In maya (for example) while animating, it makes sense to set the playback range one frame less to avoid duplicate frame being played while previewing the animation, but when exporting animations for realtime 3d engines do you want to export a full continuous curve?
Replies
totally not the answer i was hoping for as now I have a bunch of re-exporting to do. My animations are all full length, and our outsourcer's are all one frame short. Although I can't notice any skipping in engine...
I have done this for pre-rendered sprites before because you obviously don't want duplicate sprites in a sequence. But in a 3d game engine where fps is not fixed, isn't the game basically sampling values from the curve rather than playing specific frames? eg. allowing for example slow motion playback without loss of smoothness or playback at 60fps despite animating in 30fps. So if I make an animation in which frame 0 and 100 are identical, the length of the animation curves on the timeline is 100 frames. If I export 0-100, the length of the curve is 100 but if I only export 0-99, then the length of the curve is only 99. The portion of the curves that exist between frames 99 and 100 are lost and cannot be sampled, leading me to think this would cause the playback time to be 1 frame shorter and also not smooth (for example causing the first foot contact on a walk cycle to appear heavier). This incompleteness of the curve data would seem especially serious if the frame rate was set low while animating. Maybe my understanding of how realtime engines handle animation is entirely mistaken.

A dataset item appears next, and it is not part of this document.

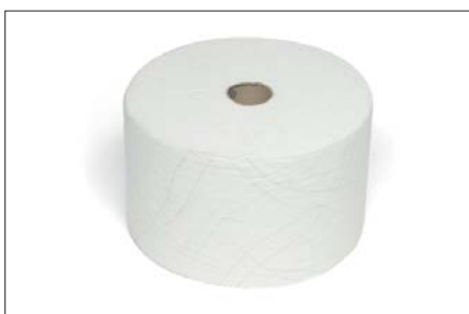
Paper cleaning tissue

What will register as a pop is if your curves don't loop properly. In maya you turn on pre and post infinity curves and they should flow seamlessing together.
https://kakes3d.wordpress.com/2010/07/28/looping-and-copying-keyframes-in-maya/
I trust with both of your experience that you are correct. But do you know what's going on the engine to make this correct? I can't wrap my head around how this could be correct when a portion of the full curve is clearly missing from the data (and i guess cannot be interpolated). Imagine an extreme case, where you've animated a six frame walk cycle (for example for prerendered sprites) but now you want to reuse that in a realtime engine running 60fps. Frames are as follows:
0: left foot forward, right foot back
1: left step,
2: legs pass,
3: right foot forward, left foot back
4: right step,
5: legs pass again,
6: left foot forward. right foot back (same as 0)
If you export frames 0-5, left foot forward to back motion takes 3 frames (3-0), right foot forward to back motion is incomplete and only takes 2 frames (5-3). How does this work? How does the engine interpolate the motion between frames 5-6?
For Unity you do want to keep the duplicate frame at the end. The example below is a one second animation slowed down to 10 seconds in Unity. Notice the orange box has a hitch. @kwyjibo your instinct is correct. The last frame is only used for interpolation. It's tricky to understand because 0 - 24 is 25 frames. So it should be longer than one second. But remember frame 24 has transform key data, but no time duration. So it's really 0 - 23.999.
In Unity's Animation panel, the blue box is 1 second and the orange box box is 0.96 seconds. So if you require precision timings, keep the frame.
Another tip with Unity is that after you turn on Loop Time, and your animation is missing the last frame, you can also turn on Loop Pose and it will add it in for you.
If you are using Unreal I still recommend keeping the frame. Most game engines these days allow you to crop the time segment so it will still cause no harm.
To add to what Monster was saying, a frame is, the sum of it's parts. It is all of the information between the last frame and the next. It's easy to think of it as a single tick mark on a timeline but it's not.
It's like a ruler, a cm isn't just as wide as the thin black line under the 1, it's all of the space/time between 0 and 1.
When you shave off a frame it's not just a tiny sliver, its a chunk of time. Not only do you lose that one pose, but you lose the info that gets it from the last pose to the missing pose.
But yea it really doesn't matter, its an issue has been dealt with long ago, you just need to pick a direction and flip the right settings in the engine.